The case now says that the CDE wants a court order against the district because it “unlawfully refused and failed” to follow the steps for fixing things that were laid out in an investigation report that the CDE released on February 1, 2024. On September 22, 2023, the CDE started its probe.
The CDE said in its report that the district’s policy was unfair and only affected a certain group of students. The lawsuit says that the policy “violates a student’s constitutional right to privacy and the choice of when and where to share private personal information regarding their gender identification and expression.”
The state also says the policy doesn’t help education and gets in the way of ties between students and parents for reasons that aren’t related to education.
Within five days of getting the CDE’s report, Rocklin Unified had to write to all school staff and students to let them know that the CDE thought the policy was against the state’s education code and they shouldn’t follow it.
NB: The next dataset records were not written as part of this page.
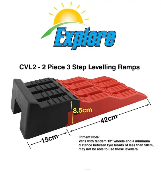 Note: Vans with tandem 13" wheels and a minimum distance between tyre treads of less than 50cm, may not be able to use these levellers.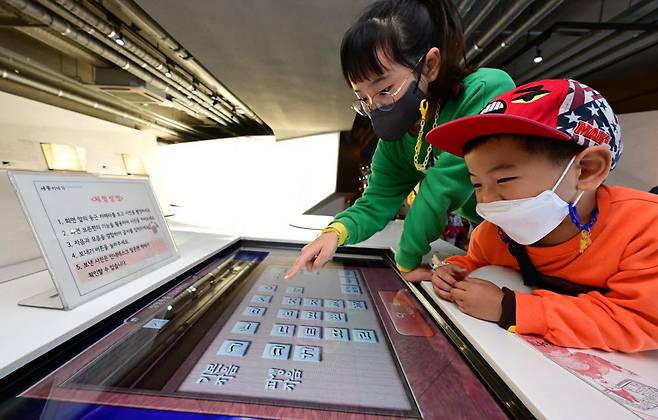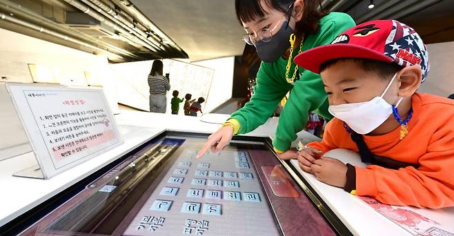 제576돌 한글날을 사흘 앞둔 6일 서울 종로구 세종이야기 전시관에서 어린이들이 자음과 모음을 조합하며 훈민정음의 창제 원리를 디지털로 체험하고 있다.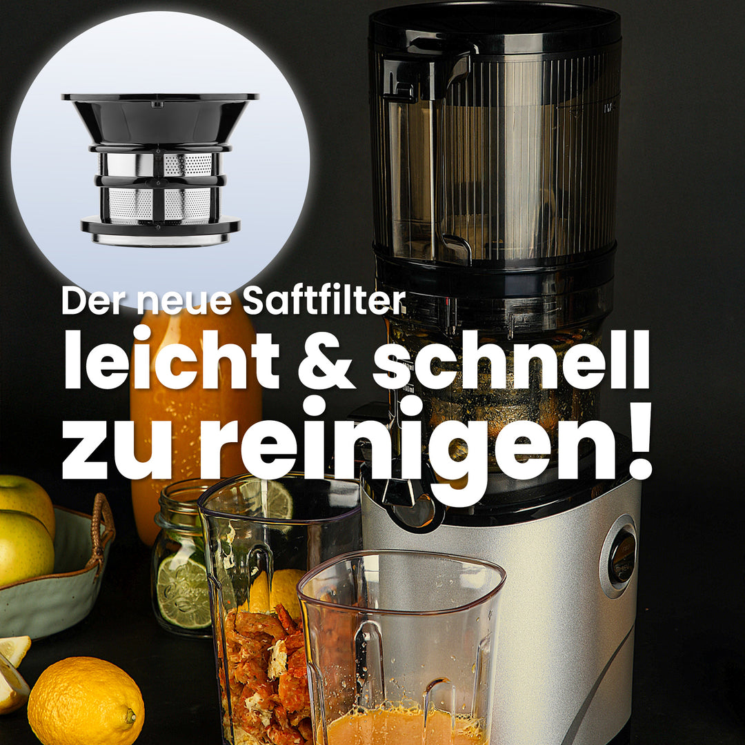 De reinigingsstructuur van de sapzeef is verbeterd om de hoeveelheid vezels die in de zeef achterblijven te minimaliseren. Deze verbetering maakt schoonmaken moeiteloos: even afspoelen onder stromend water is voldoende.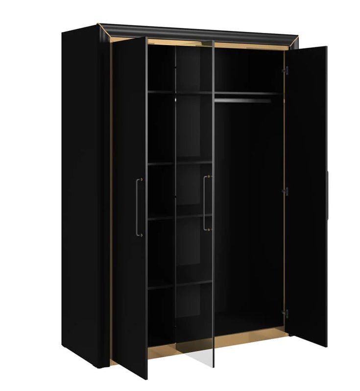 The black finish paired with gold trim creates a premium, contemporary aesthetic that works well in modern, luxury, and hotel-inspired bedrooms. It adds contrast and visual depth, making the wardrobe a strong focal point rather than a background storage unit.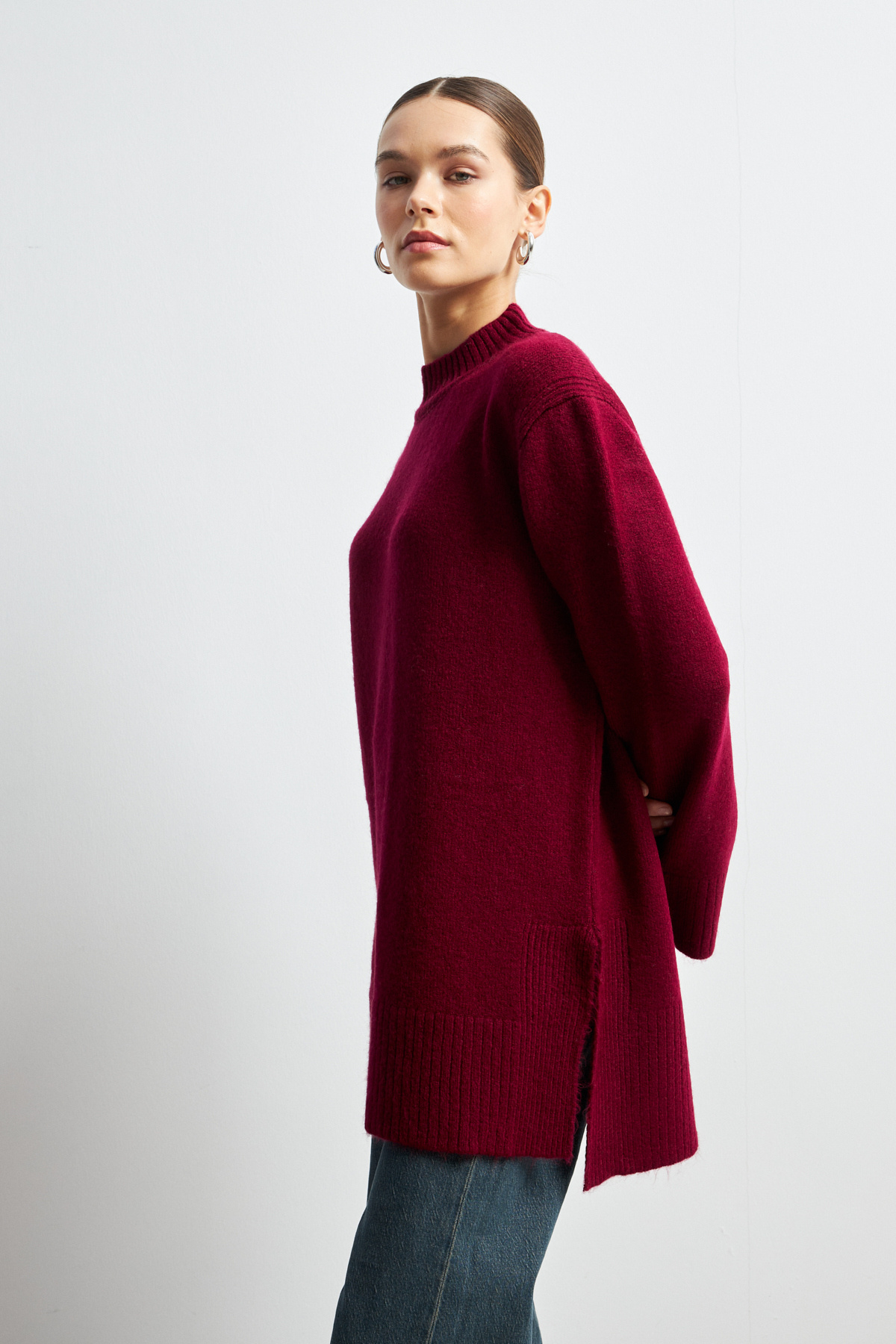 Kadın Bordo Balıkçı Yaka Yumuşak Dokulu Basic Kazak Kadın Bordo Balıkçı Yaka Yumuşak Dokulu Basic Kazak TRK01 Standart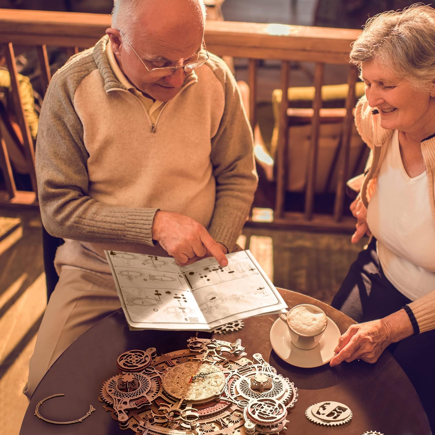 Ceas de Perete Zodiac – Puzzle 3D Mecanic din Lemn – 168 Piese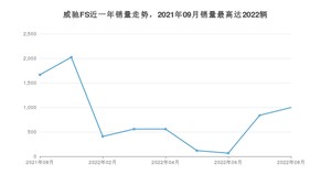 2022年8月,威驰FS销量为997辆,同比下降40.12%,环比增长18.83%。2021年08月-2022年08月份,威驰FS销量为7232辆,同比下降69.58%。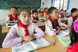 2007年,上海市教委將改善農(nóng)民工子女學(xué)校辦學(xué)條件列入年度重點(diǎn)工作。11月13日,上海浦東新區(qū)大別山小學(xué)農(nóng)民工的孩子們?cè)谟⒄Z(yǔ)課上朗讀單詞。新華社記者:鄭悅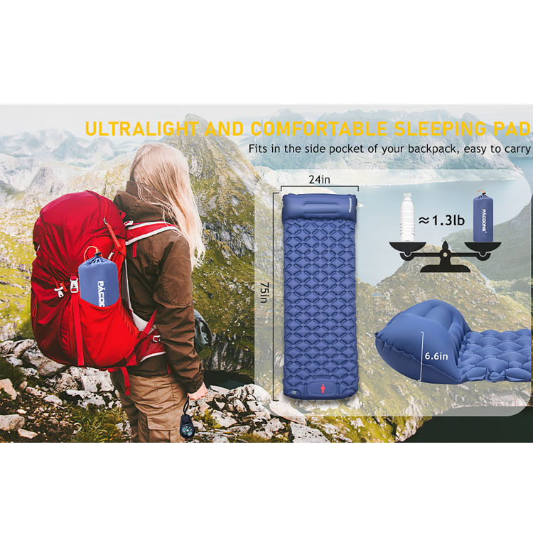 وسادة نوم خفيفة الوزن مصنوعة من مادة النايلون قابلة للطي للتخييم. حل النوم المحمول المثالي للمغامرات الخارجية. تتميز هذه المرتبة الخفيفة القابلة للنفخ بميزة النفخ بضغطة واحدة وتصميم وسادة متكامل. مصنوع من مادة النايلون المتينة، ويوفر راحة فائقة للمشي لمسافات طويلة والتخييم، مما يضمن ليالي مريحة في أي مكان.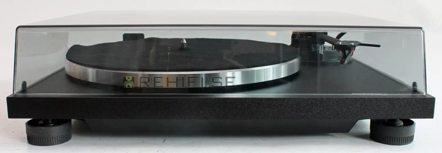 Remdriven, manuell skivspelare med DC motor.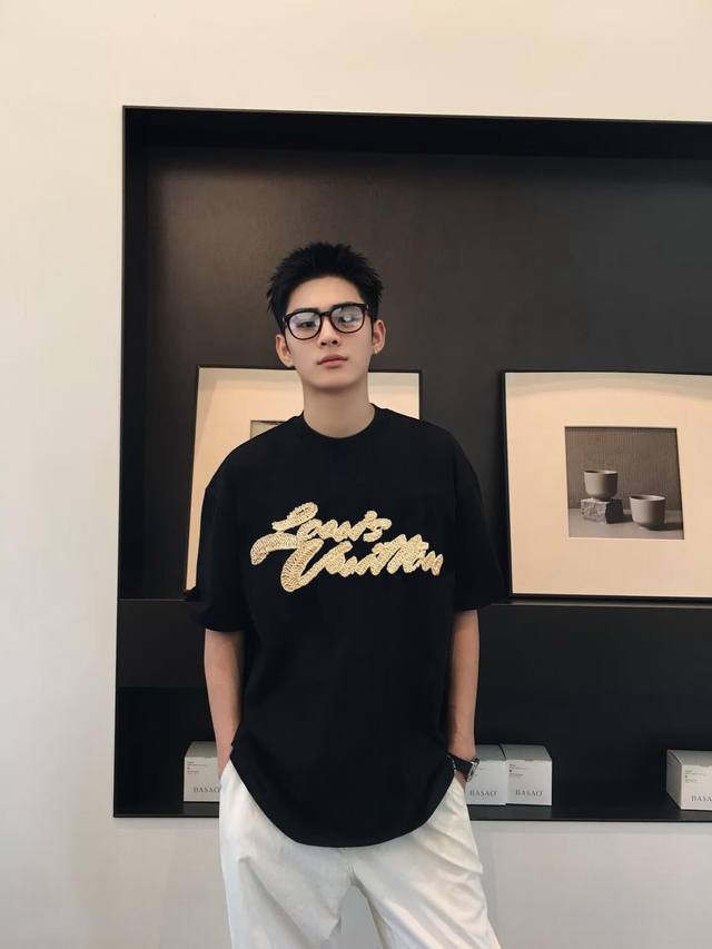 Upper body picture 1V 25Ss Straw rope logo short sleeve First time original pur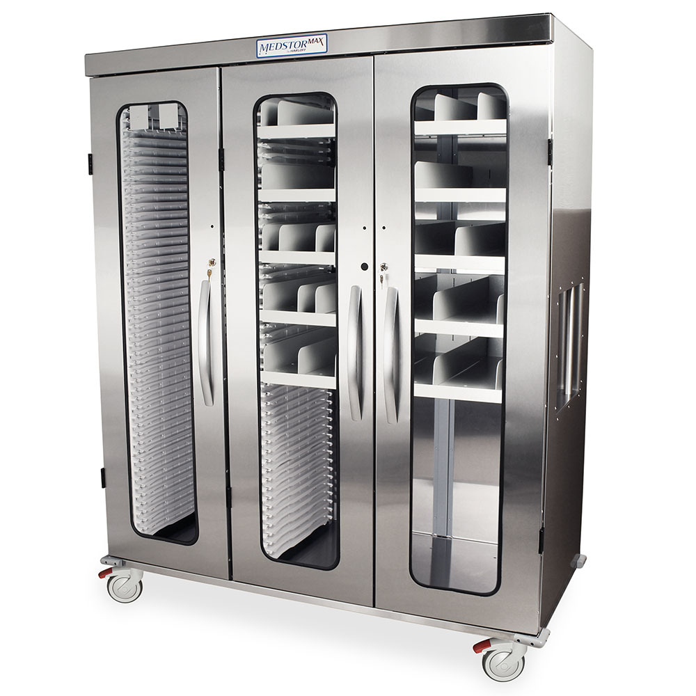 For mobile or fixed storage, our stainless steel medical storage cabinets provide high density and secure storage for valuable medical supplies used in surgical procedures. MedStor Max operating room cabinets are designed around the most innovative modular tray system on the market and feature your choice of door style for security and ease of access.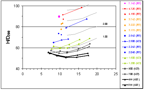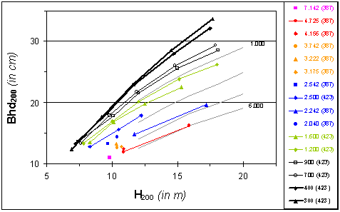 Abb. 2: Bhd (oben) und H/D (unten) in Abhängigkeit der Höhe der 200 höchsten Fichten je Hektar in den Pflanzverbandsversuchen Fichte 387 und Fichte 423 sowie bei Simulationen mit einem Wachstumssimulator [20].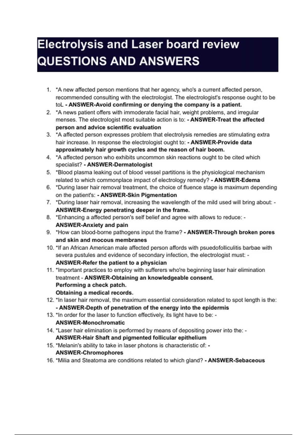 11.*Important practices to employ with sufferers who're beginning laser hair elimination

In addition, the district had to show proof of agreement to the CDE within 10 days.
California Assemblymember Bill Essayli used strong words in his fight against Rocklin Unified. He wrote a bill about the parent notification policy that did not become law because of the fight.
In the case, the state is asking the judge to throw out the policy right away and for the school district to pay the state’s legal fees.
Rocklin and a number of other school boards in California have now adopted the policy on their own.
The suit was put in on April 10 and was given to the other side on April 23. Parents are going to the district board meeting on Wednesday night to continue to voice their worries because they just learned about the lawsuit.